### PROBLEM TO WORK ON
Print the listing below word for word, but drop any pictures it contains.

PROVIDED DATA: Begin

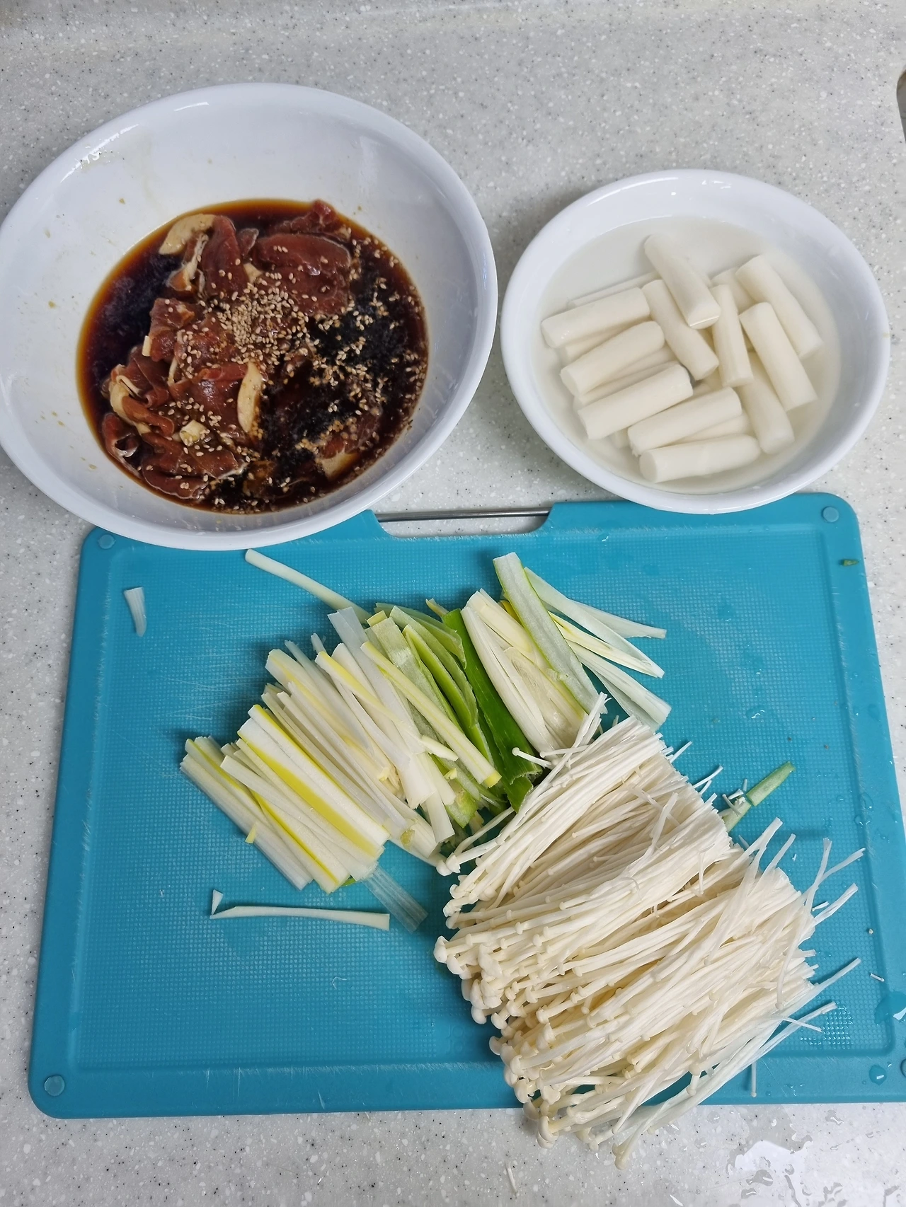 이제는 소고기를 좋아할 때도 되지 않았냐고 할 지모르지만 모르는 소리다. 여전히 돼지고기가 좋은 나는 소불고기는 냄새만 맡아도 자다가 깨는 남편을 위해서, 소고기 안 좋아하는 나를 위해서 꾀를 낸다. 소불고기 양념에 같이 버무린 떡볶이 떡을 먹겠다는 원대한 계획을 가지고 궁중 떡볶이를 아니 간장 떡볶이를 아니 불고기 떡볶이를 했다. 이 음식을 뭐라고 불러야 하나? 빨강도 파랑도 아니지만 어떤 이름도 어울리는 이 음식이야 말로 회색분자가 아닐까 싶지만 맛만 좋다면 뭐라고 부른 들 무슨 상관이냐 싶다. 나는 나 좋아하는 것 먹고, 너는 너 좋아하는 것 먹으면서 살게 해 줬으니 너의 이름을 뭐라고 부른 들 무슨 상관이냐 싶다. 그래도 혹시 시간이 나신다면... 이름을 지어주실래요?
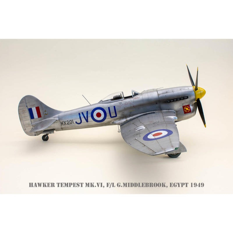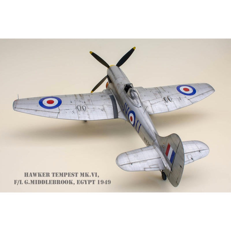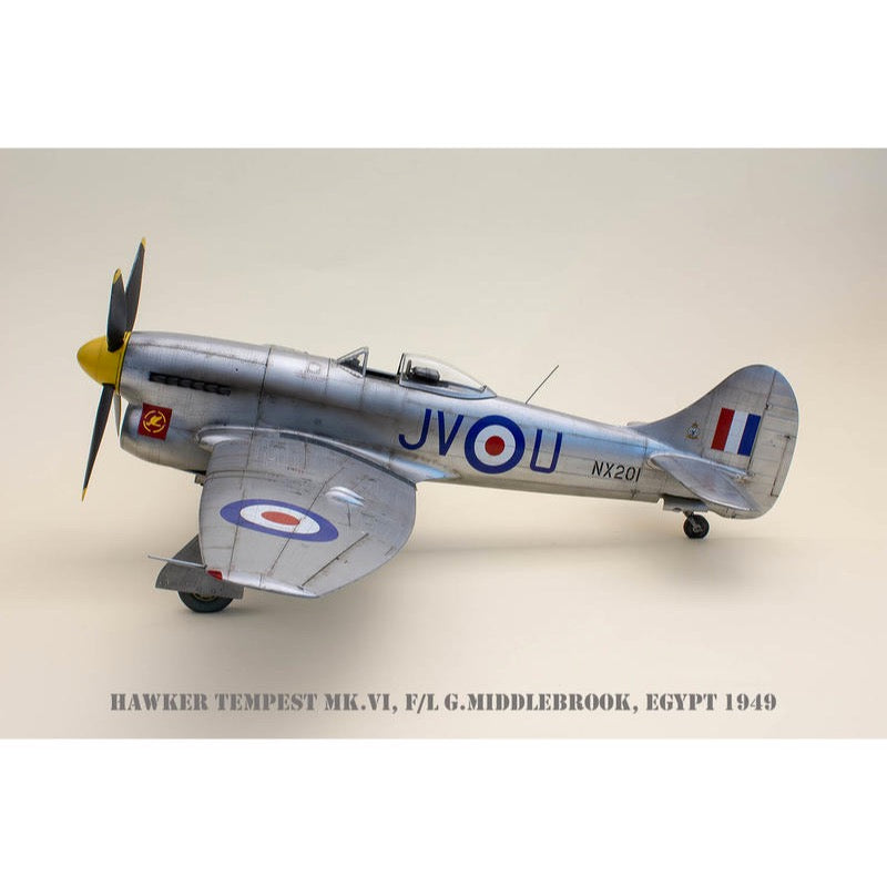 During World War Two the opposing sides were constantly competing against each other to keep abreast of the latest technological developments and as a result this led to ever more powerful and effective warplanes. In 1941 the new German Fw 190 fighter aircraft began to enter service and as its main response the British hastily developed the Spitfire Mk.V into the Mk.IX with a better Merlin engine, although they also introduced a new type called the Hawker Typhoon Mk.I into the service too. The Typhoon fighters were rushed into service and suffered from a number of teething problems and it soon became clear that the new fighter would not fit the requirements for a standard day fighter aircraft. Sir Sydney Camm who was Hawker‘s chief designer began to design a new fighter aircraft which was partially based on the Typhoon. At first this was known as the Typhoon Mk.II but soon was renamed as the Tempest and in the end, it became one of the very best WW2 fighter machines. Following the Mk.V and Mk.II versions, the Mk.VI was put into production. Though it happened yet during the war, the type saw front line service in the post war conflict areas, mainly in the Middle East as this version was equipped for harsh desert conditions. The Mk.VI was fitted with a more powerful version of the Sabre Mk.V engine and comparing with its predecessor, the Mk.V verison, it had also larger wing root radiator, oil cooler and engine intakes.
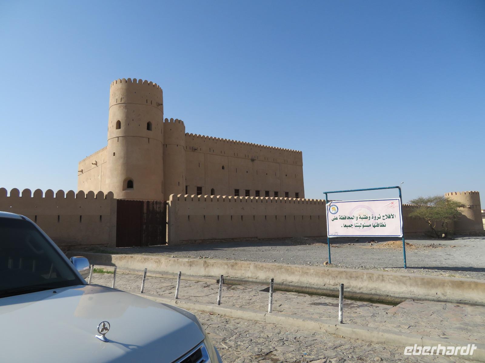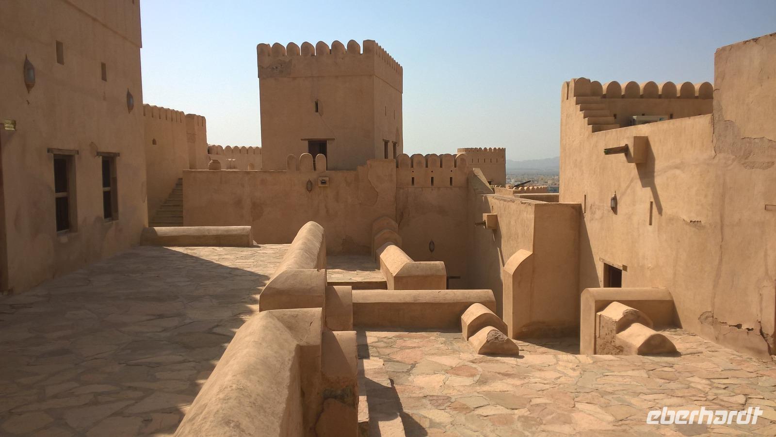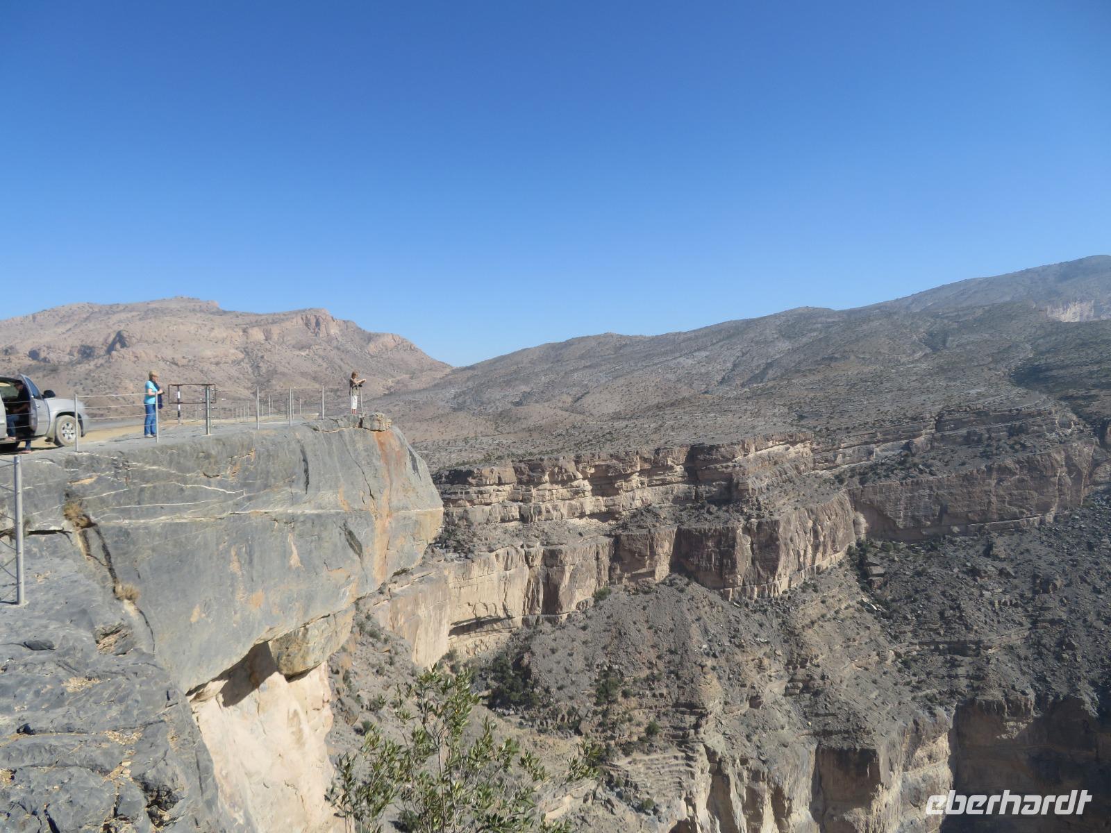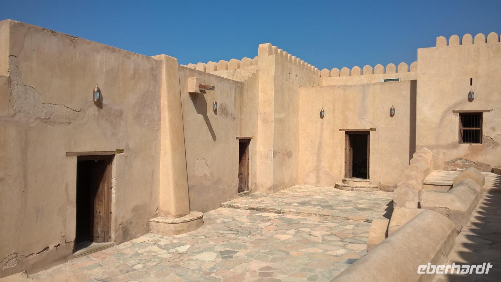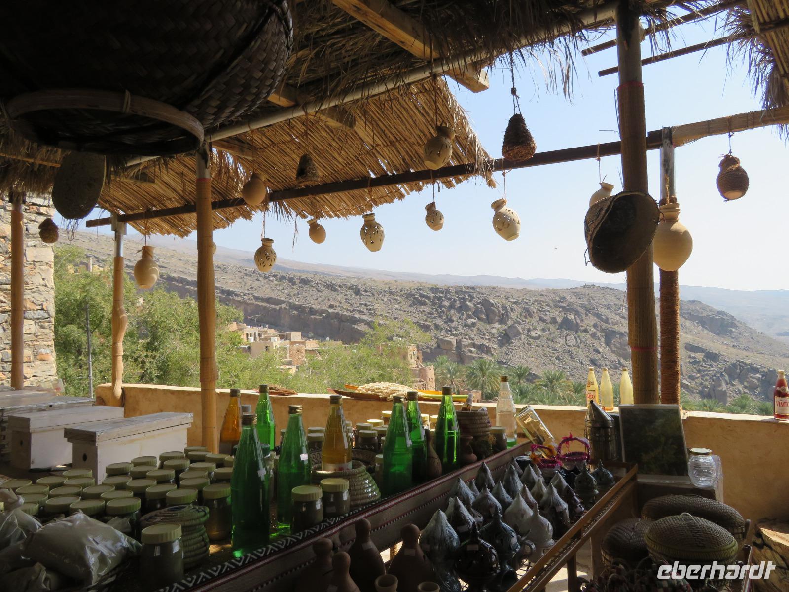 Wir begrüßen unseren neuen Reiseleiter Asa'd, einen jungen Omani, der fünf Jahre in Deutschland studiert hat. Mit ihm fahren wir zur Grenze der Vereinigten Arabischen Emirate an der wir zunächst einmal ausreisen um in das Sultanat Oman einzureisen. In den nächsten 7 Tagen reisen wir durch das aufstrebende Land unter der Herrschaft des Sultans Qaboos bin Said Al-Said. Dieser investiert nicht nur in die Zukunft des Landes sondern auch in die deren Landesbewohner. Asa'd erzählt uns, dass er mithilfe der finanziellen Unterstützung des Sultans für Absolventen im Deutschland studieren konnte. Nachdem wir unsere Arabischen Dirham in Omainische Rial getauscht haben besichtigen wir das Schloss von Jabrin aus dem Jahre 1670, das ehemals als Wohnschloss und Sommerresidenz gedacht war. Nachdem es zu Streitigkeiten mit seinem Bruder kam beschloss Sultan Bilarab bin Sultan al-Yaarub es mit Wehrmauern und Türmen zu erweitern. Man kann sich vorstellen, wie hier gelebt wurde. Es rentiert sich auch einen Blick nach oben auf die schön verzierte Holzdecke zu werfen. Ebenso beeindruckend ist das Fort von Bahla. Die Festung wurde wahrscheinlich von den Nabhani im 17. Jahrhundert aus Lehm erbaut und zählt seit 1978 als einzige osmanische Festung zum Weltkulturerbe. Eine 12 Kilometer lange Mauer umgibt die Festung. Wir fahren heute bis nach Al Hamra mit unserem Reisebus und steigen dann in Jeeps um. Diese bringen uns auf 1400 Meter Höhe, zu unserem heutigen Hotel. Der Blick von oben ist einfach unglaublich und ist die holprige Fahrt mehr als wert.

PROVIDED DATA: End

### THE COMPLETED TASK
 이제는 소고기를 좋아할 때도 되지 않았냐고 할 지모르지만 모르는 소리다. 여전히 돼지고기가 좋은 나는 소불고기는 냄새만 맡아도 자다가 깨는 남편을 위해서, 소고기 안 좋아하는 나를 위해서 꾀를 낸다. 소불고기 양념에 같이 버무린 떡볶이 떡을 먹겠다는 원대한 계획을 가지고 궁중 떡볶이를 아니 간장 떡볶이를 아니 불고기 떡볶이를 했다. 이 음식을 뭐라고 불러야 하나? 빨강도 파랑도 아니지만 어떤 이름도 어울리는 이 음식이야 말로 회색분자가 아닐까 싶지만 맛만 좋다면 뭐라고 부른 들 무슨 상관이냐 싶다. 나는 나 좋아하는 것 먹고, 너는 너 좋아하는 것 먹으면서 살게 해 줬으니 너의 이름을 뭐라고 부른 들 무슨 상관이냐 싶다. 그래도 혹시 시간이 나신다면... 이름을 지어주실래요?
 During World War Two the opposing sides were constantly competing against each other to keep abreast of the latest technological developments and as a result this led to ever more powerful and effective warplanes. In 1941 the new German Fw 190 fighter aircraft began to enter service and as its main response the British hastily developed the Spitfire Mk.V into the Mk.IX with a better Merlin engine, although they also introduced a new type called the Hawker Typhoon Mk.I into the service too. The Typhoon fighters were rushed into service and suffered from a number of teething problems and it soon became clear that the new fighter would not fit the requirements for a standard day fighter aircraft. Sir Sydney Camm who was Hawker‘s chief designer began to design a new fighter aircraft which was partially based on the Typhoon. At first this was known as the Typhoon Mk.II but soon was renamed as the Tempest and in the end, it became one of the very best WW2 fighter machines. Following the Mk.V and Mk.II versions, the Mk.VI was put into production. Though it happened yet during the war, the type saw front line service in the post war conflict areas, mainly in the Middle East as this version was equipped for harsh desert conditions. The Mk.VI was fitted with a more powerful version of the Sabre Mk.V engine and comparing with its predecessor, the Mk.V verison, it had also larger wing root radiator, oil cooler and engine intakes.
 Wir begrüßen unseren neuen Reiseleiter Asa'd, einen jungen Omani, der fünf Jahre in Deutschland studiert hat. Mit ihm fahren wir zur Grenze der Vereinigten Arabischen Emirate an der wir zunächst einmal ausreisen um in das Sultanat Oman einzureisen. In den nächsten 7 Tagen reisen wir durch das aufstrebende Land unter der Herrschaft des Sultans Qaboos bin Said Al-Said. Dieser investiert nicht nur in die Zukunft des Landes sondern auch in die deren Landesbewohner. Asa'd erzählt uns, dass er mithilfe der finanziellen Unterstützung des Sultans für Absolventen im Deutschland studieren konnte. Nachdem wir unsere Arabischen Dirham in Omainische Rial getauscht haben besichtigen wir das Schloss von Jabrin aus dem Jahre 1670, das ehemals als Wohnschloss und Sommerresidenz gedacht war. Nachdem es zu Streitigkeiten mit seinem Bruder kam beschloss Sultan Bilarab bin Sultan al-Yaarub es mit Wehrmauern und Türmen zu erweitern. Man kann sich vorstellen, wie hier gelebt wurde. Es rentiert sich auch einen Blick nach oben auf die schön verzierte Holzdecke zu werfen. Ebenso beeindruckend ist das Fort von Bahla. Die Festung wurde wahrscheinlich von den Nabhani im 17. Jahrhundert aus Lehm erbaut und zählt seit 1978 als einzige osmanische Festung zum Weltkulturerbe. Eine 12 Kilometer lange Mauer umgibt die Festung. Wir fahren heute bis nach Al Hamra mit unserem Reisebus und steigen dann in Jeeps um. Diese bringen uns auf 1400 Meter Höhe, zu unserem heutigen Hotel. Der Blick von oben ist einfach unglaublich und ist die holprige Fahrt mehr als wert.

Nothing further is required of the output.